> **DATA BLOCK**:
=-=-=
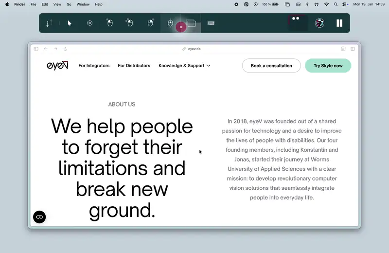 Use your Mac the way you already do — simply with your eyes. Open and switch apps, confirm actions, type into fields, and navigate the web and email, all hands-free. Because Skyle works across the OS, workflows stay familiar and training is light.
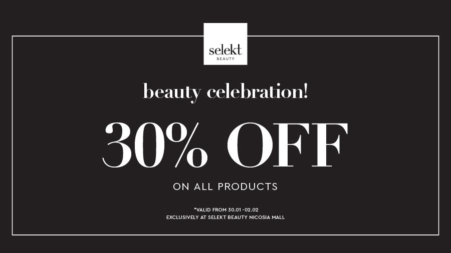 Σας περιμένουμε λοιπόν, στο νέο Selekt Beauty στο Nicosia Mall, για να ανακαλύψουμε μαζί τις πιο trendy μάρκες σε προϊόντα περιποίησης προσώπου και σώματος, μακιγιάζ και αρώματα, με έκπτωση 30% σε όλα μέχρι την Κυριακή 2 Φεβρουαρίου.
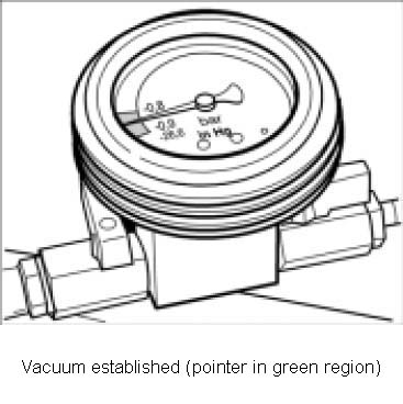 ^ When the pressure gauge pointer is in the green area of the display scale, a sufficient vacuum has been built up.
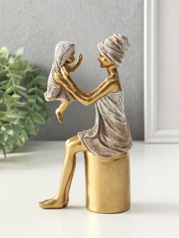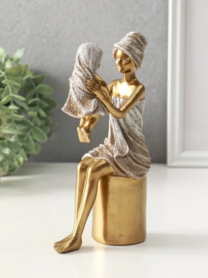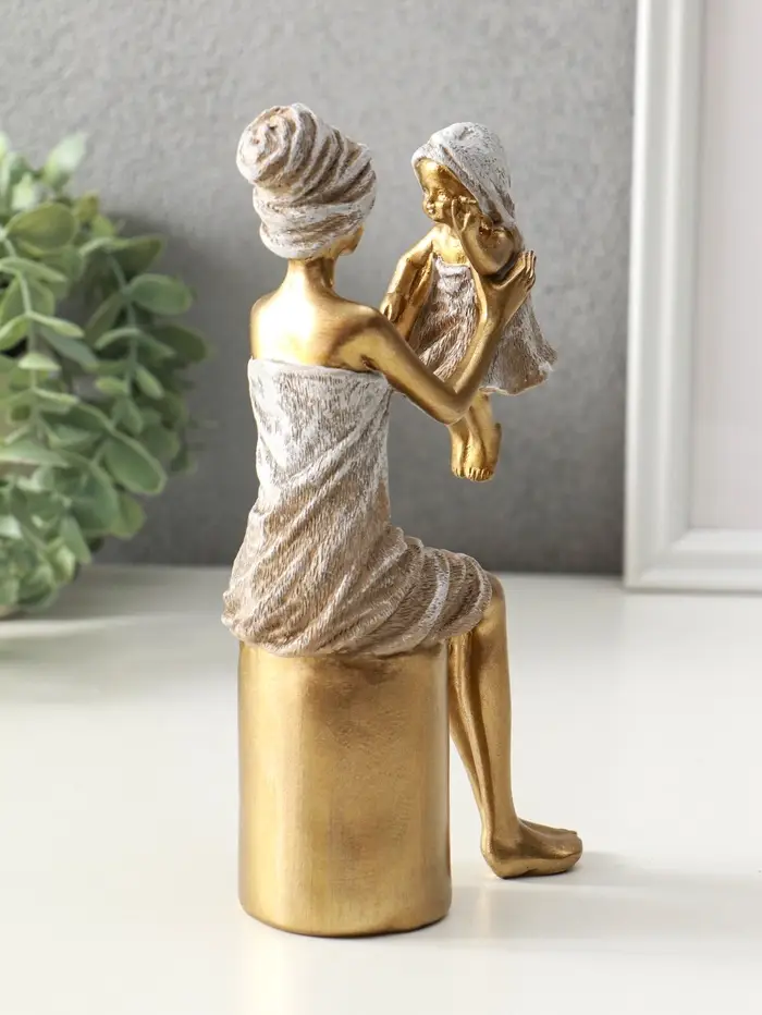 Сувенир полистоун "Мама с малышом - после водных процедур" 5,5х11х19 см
=-=-=
> **TASK BRIEF**:
Copy out the data verbatim, with no pictures.

> **RESULT OF THE EXERCISE**:
 Use your Mac the way you already do — simply with your eyes. Open and switch apps, confirm actions, type into fields, and navigate the web and email, all hands-free. Because Skyle works across the OS, workflows stay familiar and training is light.
 Σας περιμένουμε λοιπόν, στο νέο Selekt Beauty στο Nicosia Mall, για να ανακαλύψουμε μαζί τις πιο trendy μάρκες σε προϊόντα περιποίησης προσώπου και σώματος, μακιγιάζ και αρώματα, με έκπτωση 30% σε όλα μέχρι την Κυριακή 2 Φεβρουαρίου.
 ^ When the pressure gauge pointer is in the green area of the display scale, a sufficient vacuum has been built up.
 Сувенир полистоун "Мама с малышом - после водных процедур" 5,5х11х19 см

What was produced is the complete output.